:: Provided data ::
———
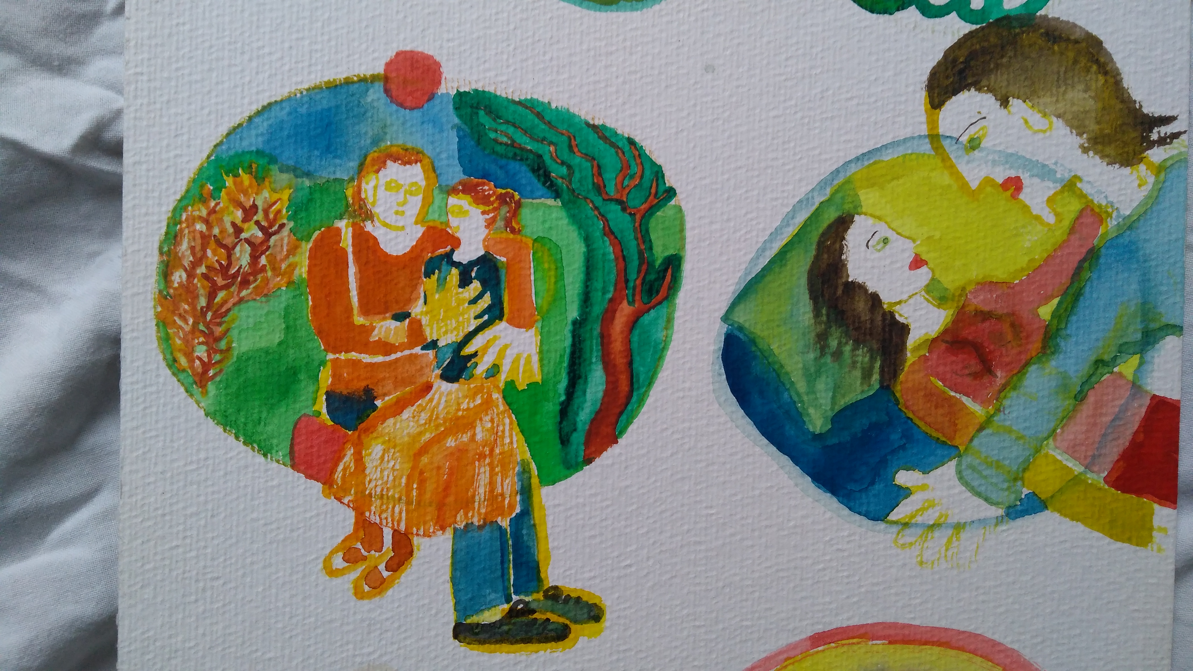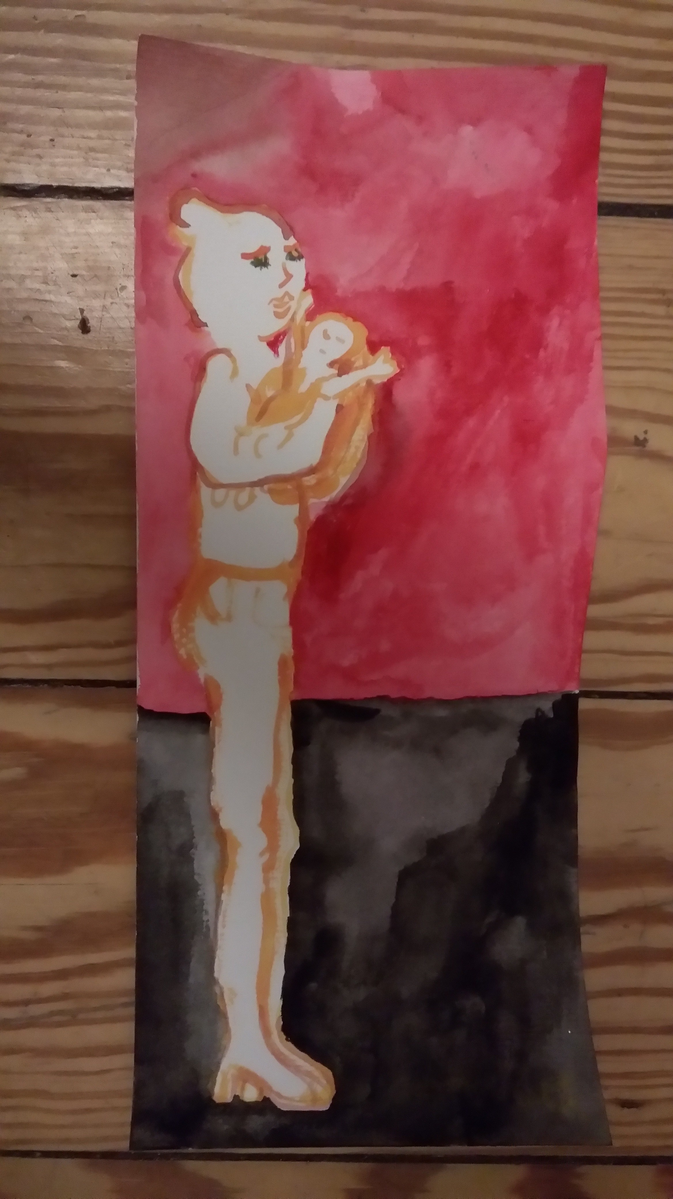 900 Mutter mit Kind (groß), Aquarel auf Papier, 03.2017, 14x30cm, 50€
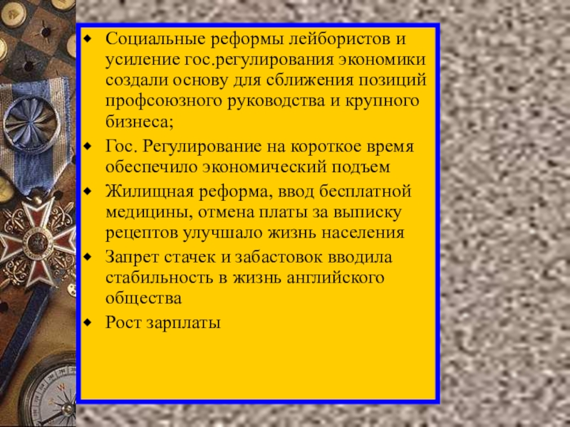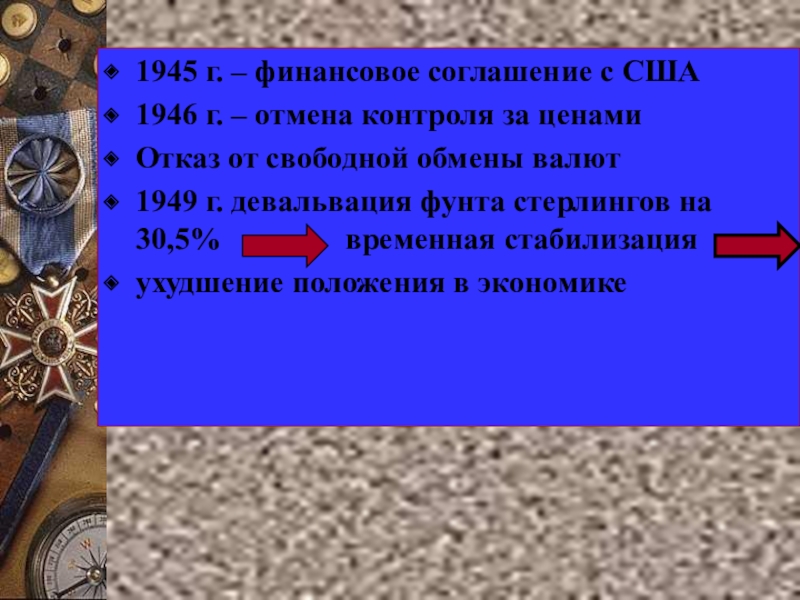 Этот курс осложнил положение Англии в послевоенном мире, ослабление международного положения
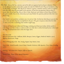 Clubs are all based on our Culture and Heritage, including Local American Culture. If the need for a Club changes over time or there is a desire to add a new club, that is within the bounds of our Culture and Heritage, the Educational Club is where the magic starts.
———
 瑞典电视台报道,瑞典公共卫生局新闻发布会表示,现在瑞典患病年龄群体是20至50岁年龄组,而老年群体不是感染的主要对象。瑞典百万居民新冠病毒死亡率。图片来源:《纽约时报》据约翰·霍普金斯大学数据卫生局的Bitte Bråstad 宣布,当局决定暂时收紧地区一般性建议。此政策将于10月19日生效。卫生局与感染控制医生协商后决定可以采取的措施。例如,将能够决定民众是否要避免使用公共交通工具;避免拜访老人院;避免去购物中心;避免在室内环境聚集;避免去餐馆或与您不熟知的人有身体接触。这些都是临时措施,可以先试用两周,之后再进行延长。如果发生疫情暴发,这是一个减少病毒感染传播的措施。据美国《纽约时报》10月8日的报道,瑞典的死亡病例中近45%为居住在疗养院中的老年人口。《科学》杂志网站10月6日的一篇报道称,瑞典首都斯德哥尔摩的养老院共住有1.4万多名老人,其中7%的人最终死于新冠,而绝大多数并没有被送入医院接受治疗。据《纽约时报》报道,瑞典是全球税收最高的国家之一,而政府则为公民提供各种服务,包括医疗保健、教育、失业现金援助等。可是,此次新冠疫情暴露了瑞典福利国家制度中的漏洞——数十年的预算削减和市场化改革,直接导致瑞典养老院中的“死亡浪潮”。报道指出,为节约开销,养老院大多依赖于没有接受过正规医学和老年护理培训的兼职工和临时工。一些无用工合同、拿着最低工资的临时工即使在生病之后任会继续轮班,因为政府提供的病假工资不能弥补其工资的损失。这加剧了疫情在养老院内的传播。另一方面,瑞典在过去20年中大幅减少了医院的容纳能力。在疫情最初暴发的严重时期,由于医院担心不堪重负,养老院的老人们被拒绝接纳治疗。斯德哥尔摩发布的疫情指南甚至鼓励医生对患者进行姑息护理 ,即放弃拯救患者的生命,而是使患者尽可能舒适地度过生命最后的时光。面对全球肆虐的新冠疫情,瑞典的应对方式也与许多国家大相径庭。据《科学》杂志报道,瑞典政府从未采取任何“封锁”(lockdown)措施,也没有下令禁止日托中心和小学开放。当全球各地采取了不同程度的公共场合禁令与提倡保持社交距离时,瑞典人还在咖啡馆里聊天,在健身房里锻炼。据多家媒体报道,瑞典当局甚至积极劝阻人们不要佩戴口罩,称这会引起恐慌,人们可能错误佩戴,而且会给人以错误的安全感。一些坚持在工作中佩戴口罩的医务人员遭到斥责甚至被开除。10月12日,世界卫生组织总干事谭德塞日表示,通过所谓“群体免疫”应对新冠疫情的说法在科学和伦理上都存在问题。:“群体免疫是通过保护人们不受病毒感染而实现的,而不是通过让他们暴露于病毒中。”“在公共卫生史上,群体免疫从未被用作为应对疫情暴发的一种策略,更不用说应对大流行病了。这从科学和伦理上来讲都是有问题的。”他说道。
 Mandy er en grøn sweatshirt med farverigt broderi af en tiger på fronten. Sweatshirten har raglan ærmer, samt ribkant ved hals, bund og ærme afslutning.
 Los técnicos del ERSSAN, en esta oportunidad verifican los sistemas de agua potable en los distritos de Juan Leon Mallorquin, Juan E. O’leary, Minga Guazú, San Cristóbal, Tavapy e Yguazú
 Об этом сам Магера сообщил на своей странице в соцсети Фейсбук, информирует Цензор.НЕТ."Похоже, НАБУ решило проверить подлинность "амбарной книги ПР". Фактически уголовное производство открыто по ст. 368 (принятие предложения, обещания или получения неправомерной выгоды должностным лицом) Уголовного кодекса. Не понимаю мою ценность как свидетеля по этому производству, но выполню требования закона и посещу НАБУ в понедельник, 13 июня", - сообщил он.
———
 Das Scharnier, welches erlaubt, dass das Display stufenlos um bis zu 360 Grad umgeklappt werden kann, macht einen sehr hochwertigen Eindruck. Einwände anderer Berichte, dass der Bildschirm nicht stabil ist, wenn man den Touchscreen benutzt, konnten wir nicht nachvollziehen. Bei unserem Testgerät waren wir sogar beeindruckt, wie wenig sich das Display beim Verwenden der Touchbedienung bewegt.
———
:: What is expected ::
From the entries above, give again exactly the lines running from the line with "Los técnicos del" to the line with "Об этом сам"; include both of those lines.

:: Exercise answer ::
 Los técnicos del ERSSAN, en esta oportunidad verifican los sistemas de agua potable en los distritos de Juan Leon Mallorquin, Juan E. O’leary, Minga Guazú, San Cristóbal, Tavapy e Yguazú
 Об этом сам Магера сообщил на своей странице в соцсети Фейсбук, информирует Цензор.НЕТ."Похоже, НАБУ решило проверить подлинность "амбарной книги ПР". Фактически уголовное производство открыто по ст. 368 (принятие предложения, обещания или получения неправомерной выгоды должностным лицом) Уголовного кодекса. Не понимаю мою ценность как свидетеля по этому производству, но выполню требования закона и посещу НАБУ в понедельник, 13 июня", - сообщил он.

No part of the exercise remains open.